Common Practices Aren’t Best Practices

It pains me, still, that imitating the competition is still rampant even in innovation efforts.   Inevitably, someone says “let’s see what other companies are doing” as a means to generate “new” ideas, generally followed by the insistence that it’s “new to us” when someone points out the obvious.  And all too often asking if any other company is already doing something similar is the first sign that an innovative idea is headed for the scrap heap without any further consideration.

The same problems arise at most firms – their attempt to distinguish themselves leads instead to the practice of imitating one another, and doing so mindlessly.   As a consequence, the common practices in any industry are seldom based on an examination of the results they achieve, but merely on their being done by others, on the assumption that they wouldn’t be doing something if it weren’t getting good results.  

Not only are the common practices adopted without question, they also tend to be practiced without question.   There is no question of their foundations, no research into their soundness, and no testing of their performance.   They are adopted without inspection and perpetuated without validation, often in spite of evidence that they are unproductive or even harmful.  This is not merely egregiously unwise, but reckless.

Compounding the problem, many firms turn to agencies and design firms, who have even less knowledge of their industry or their customer, to show them the way.   There is a great deal of bluster and precious little knowledge in these firms, yet their opinions seem to be regarded as reliable advice from reliable professionals – until the numbers come in sour, and then the firm hires a different agency to repeat the same cycle.  And given the recent shortening in executive tenure, even the decision-maker who engaged the firm is long gone by the time the damage is done.

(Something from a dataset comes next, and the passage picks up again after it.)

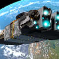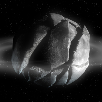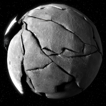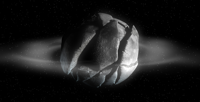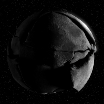 flat but has an intersting look. I really like the shattered moon there. That's big in Sci-Fi now, but it's aways depicted wrong. Unless the moon is vaporised on impact, it'd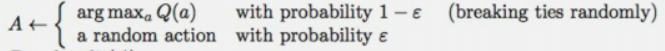 A <- (1-e)의 확률로 argmax Q(a) // greedy

But back on topic, the common practices of an industry may not yield good results at all, and even if they happen to be based on sound reasoning, it doesn’t mean they are practicable or applicable given the unique nature of your firm, goals, and market segment.    No-one can say for certain what will work for a given firm, and often it is not questioned whether it had positive results elsewhere.  The result seems to be the death of innovation, while under the banner of innovation we see a frenzy of imitating with reckless abandon.